When gcc considers the size of a function for inlining decisions, it
apparently considers *all* sections. Since the kernel extensively uses
sections for things other than code (e.g., exception-table, bug-table), the
optimality of these decisions seem questionable to me.

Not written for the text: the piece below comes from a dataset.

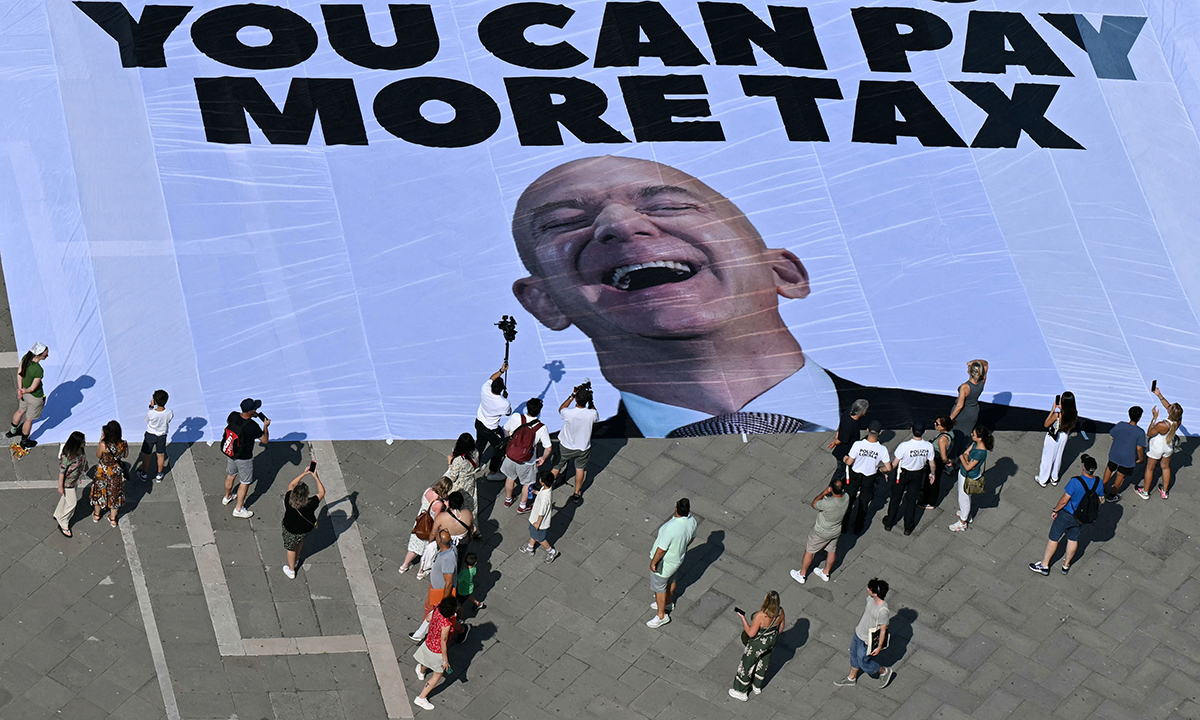 23일(현지시간) AP통신에 따르면 그린피스 소속 활동가 등 6명은 베네치아 산마르코 광장에 베이조스의 웃는 얼굴과 함께 “베네치아를 결혼식장으로 빌릴 수 있다면 세금을 더 내라”라는 문구가 적힌 현수막을 펼쳤다.

The objtoolâs sections may be the most extreme case, as these sections are
discarded, while their size still appears to be considered by the inlining
heuristics. It may be beneficial not to consider (some) the other sections
as well, as they do not affect code-caching but only increase the kernel
size.

To illustrate the issue, consider the function copy_overflow():

0xffffffff819315e0 <+0>: push %rbp
0xffffffff819315e1 <+1>: mov %rsi,%rdx
0xffffffff819315e4 <+4>: mov %edi,%esi
0xffffffff819315e6 <+6>: mov $0xffffffff820bc4b8,%rdi
0xffffffff819315ed <+13>: mov %rsp,%rbp
0xffffffff819315f0 <+16>: callq 0xffffffff81089b70 <__warn_printk>
0xffffffff819315f5 <+21>: ud2
0xffffffff819315f7 <+23>: pop %rbp
0xffffffff819315f8 <+24>: retq

This function seems to me as a great candidate for inlining. Yet, in my 4.16
build (using gcc 7.2), I get 38 non-inlined instances of this function in
vmlinux. Forcing CONFIG_STACK_VALIDATION to be disabled reduces the number
non-inlined instances to 35. Removing, in addition, the data which is saved
in the __bug_table makes all the instances of the function to be inlined.

Obviously this certain function can be set as __always_inline, but the inline
heuristics seems to me as wrongfully biased.

What do you think?

Is there a way to make gcc to ignore sections for its inlining heuristics?

Thanks,
Nadav